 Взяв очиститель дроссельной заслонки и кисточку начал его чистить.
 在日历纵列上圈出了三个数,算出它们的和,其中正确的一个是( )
• • • •
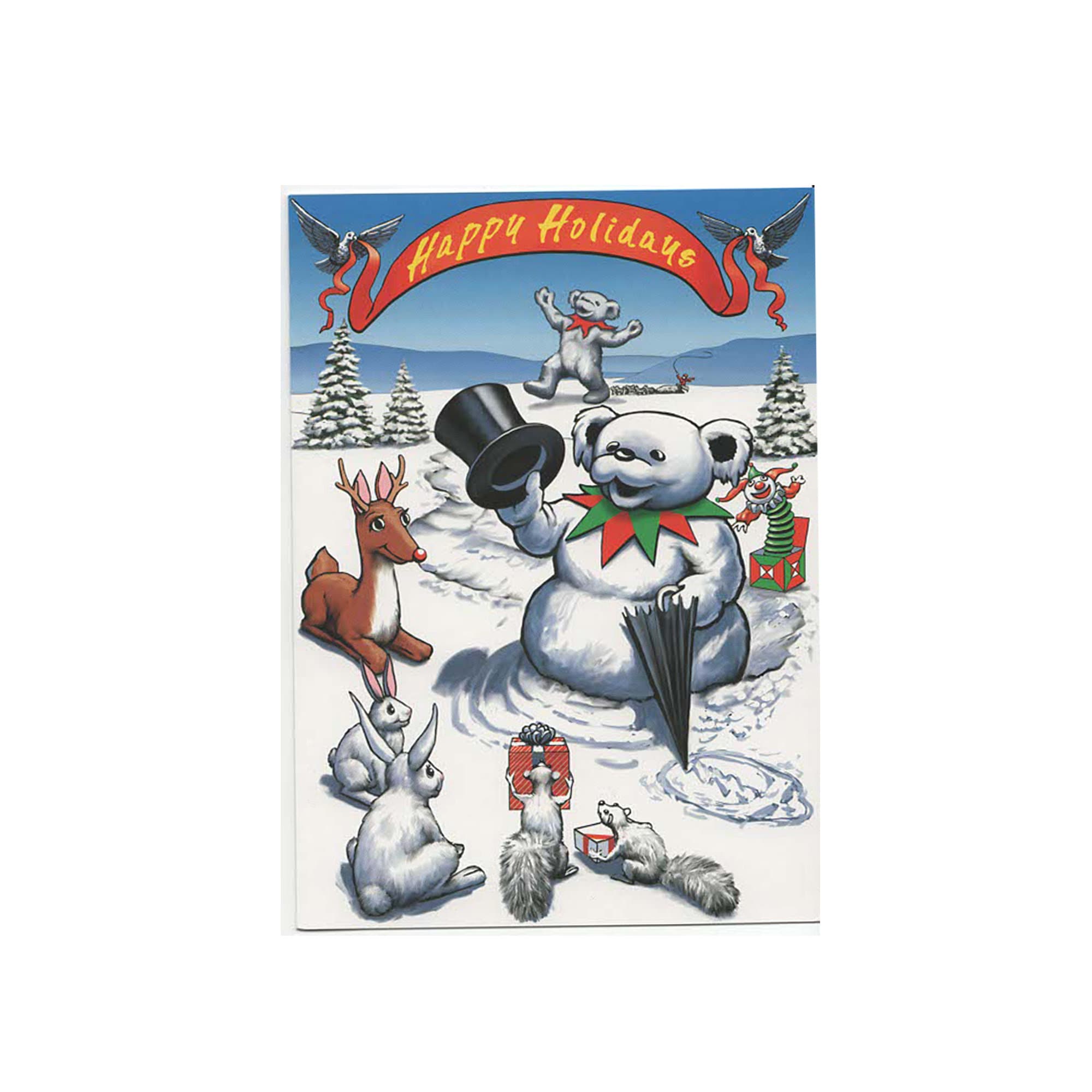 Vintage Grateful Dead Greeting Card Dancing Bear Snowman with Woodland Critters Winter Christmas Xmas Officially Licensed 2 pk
• • • •
* [Task to complete]:
Give again, word for word, every line of the listing above from the one with "Взяв очиститель дроссельной" to the one with "在日历纵列上圈出了三个数,算出它们的和,其中正确的一个是( )", both inclusive, and nothing beyond them.

* [Exercise result]:
 Взяв очиститель дроссельной заслонки и кисточку начал его чистить.
 在日历纵列上圈出了三个数,算出它们的和,其中正确的一个是( )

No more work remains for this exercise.